On the web, brands and enterprises have only a few minutes, seconds really, to fully engage the end user, whether it be a consumer or B2B transaction. Within that short window, they have to offer the right product, within context, at an appealing price.

As he put it, the digital channel is no longer a destination — it’s the heartbeat of the business.

Working With the Workarounds

The catalog experience has been largely unchanged since the rise of the internet in the mid-1990s, tied to a rigid, fused database structure, which in turn meant that development teams have had to craft “workarounds” to get their products digitally presentable. The “generation one” commerce engine has a hierarchy, which is how contents are related to one another. When variations are thrown into the mix, say with a subset of catalogs, that’s when technological complexities arise.

“You may have to run another instance of the platform just to get the level of control that’s desired,” said Driscoll.

The conversation took place against a backdrop in which Elastic Path has launched EP Product Experience Manager (PXM).

In terms of the mechanics, EP PXM centralizes commerce product merchandising and catalog creation into one place. Merchandisers determine how and when they engage users online with their wares in a bid to optimize price discovery and conversions across all manner of touchpoints. Enterprises can organize products into unlimited hierarchies and assign multiple price books to products as they design and launch promotions.

At a high level, commerce teams can design and launch differentiated product experiences across channels in-house, without having to rely on the heavy technical lift provided by the IT department.

That streamlined reimagining of the catalog database itself — using existing infrastructure — allows brands to have more configurable means through which to present products to different customers.

“The database itself does not change, but what gives brands the ability to use that database and tailor it is what changes,” he said.

Using the company’s catalog composer too, complete with a merchant driven rules engine, a merchant can build catalogs on the fly and improve customer engagement.

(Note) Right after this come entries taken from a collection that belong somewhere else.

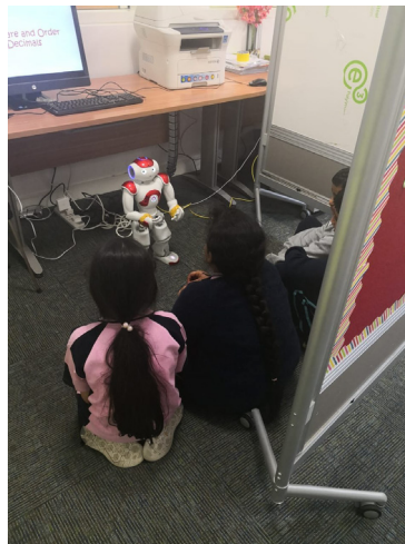
Figure 3: The setup of the robot's review session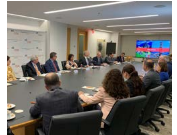
Meeting with business members of the Americas Society Council of the Americas (AS/COA)

Furthermore, the Ministry of Foreign Affairs has deployed efforts to promote spaces abroad in favour of the internationalisation process of our MSMEs, with emphasis on those led by women, in order to consolidate their insertion into global value chains.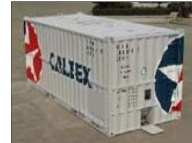
Patented Lubetainer. Crude, Grade and Waste Oil carrier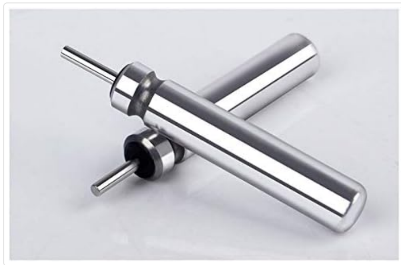
Image: A pair of Smart Kingfisher 425 rechargeable lithium batteries.

“The brands want simplified, consolidated and flexible architectures that allow them to manage the needs of the modern app,” he said.

The new Elastic Path offering allows links directly from what’s configured in the database to the visual image and pricing data that allows a consumer to move quickly from browsing to buying, he said. The catalog thus becomes a differentiator for brands that gives rise to shoppable moments that increase conversions and minimize returns (which can be expensive to the merchants).

As Driscoll told Webster: “Empowering merchants with the tools they need to quickly move merchandise exactly the way they want is the engine of growth.”